The younger generation and the modern culture has witnessed communication being turned into a social dialogue by social media. According to Qualman, (2009), social media is rated as the number use of the Internet which is an always growing percentage. The connectivity throughout the globe has thus been growing. Therefore there are people who meet through the internet. Dependency on social media has thus been growing. Looking at why so many individuals are growing the admiration for social media, the impact it has on users and society is critical. The literature reviewed seems to be focusing on how addiction to social media relate with interpersonal relationships.

Social Media Use

Uses and Gratifications Theory was used to study social media use (Sheldon, 2008). In this study, Sheldon aimed at discovering reasons as to why students had grown in addiction to Facebook use. Frequent checks on Facebook accounts had grown to be routine behaviour. The reasons for always being online were entertainment and diversion, to keep informed, good feelings, peer identity, sounds and sights, communication, coolness and career (Charney & Greenberg, 2001). The above thus highlights why social media becomes a variable in the satisfaction of a relationship.

Media and Relationships

Both mobile and web-based technologies have presented newer forms of media which now allows the users to be more interactive considering the content. Such technologies have created an interactive platform in which communities and individuals share, modify and create user generated content (Kietzmenn et. al, 2011). User generated content has grown over the years to the present state in which the aspects now associated with social media are identity being the most important, presence, reputation, relationships, groups, conversations and sharing. One’s identity in the internet is revealed by the extent of disclosure (Kietzmenn et. al, 2011).

Although technology can be critical in beginning relationships, it may be the key contributor in the ending of a relationship. According to Brown (2011), social media creates virtual and natural distance thus it allows for individuals to conduct unpleasant interpersonal skills. This demonstrates the negative effects of social media in a relationship. The presence of an individual is not key in a breakup process as social media could be employed as the mediator. In virtual communications, there are options for social network sites, e-mail, text messaging, cell phones, even webcams and blogs. Each of these mediums has a key role in the maintenance, initiation and relationship termination (Coyne et. al, 2011).

Most couples turn to a given kind of communication and maintain certain media forms. Text messaging is a common form because it is accessible while other aspects such as Facebook demonstrate affection. Messaging is first thus an immediate way in which partners can demonstrate immediate affection. Ideally it is difficult to predict how social media will affect interpersonal relationships in future, however, researchers have focused to identify the effects that have been recorded so far. At this point, the researchers have shifted focus to cyber-optimists and cyber-pessimists. The latter is of the view that Internet has a negative effect on social life while cyber-optimists maintain the effect could be positive (Pollet et. al, 2011). The researchers identify some relationships are dependent on social media.

Internet Dependency

Looking at the average use in American homes of technology, Kelly (2011) believes that technological revolution time has been attained. People now access what they desire within the blink of an eye. Internet dependency is about how individuals have made internet to become a priority in most of their day to day activities. The growing nature of the media and the internet further elaborates the need on analysing relationship dependency.
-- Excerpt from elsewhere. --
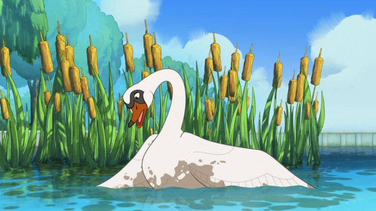 Schwan Hokuspokus erschrickt. Es klebt etwas an seinen Feder, das ihm das Schwimmen erschwert.

Interpersonal Relationship Satisfaction

Interpersonal relationships’ interactions can be conducted nonverbally, verbally and currently, computer-mediated communication and social media allows for the interaction to be virtual. Usefulness of communication is determined by interpersonal relationship satisfaction. The content of the communication and future interactions are also key (Anderson & Emmers-Sommer, 2006). According to many psychologists, satisfaction in a close relationship means that there is adequate communication in addition to comfort during the interaction at hand. Communication satisfaction results to closeness, immediacy with increased disclosure to the relational partner.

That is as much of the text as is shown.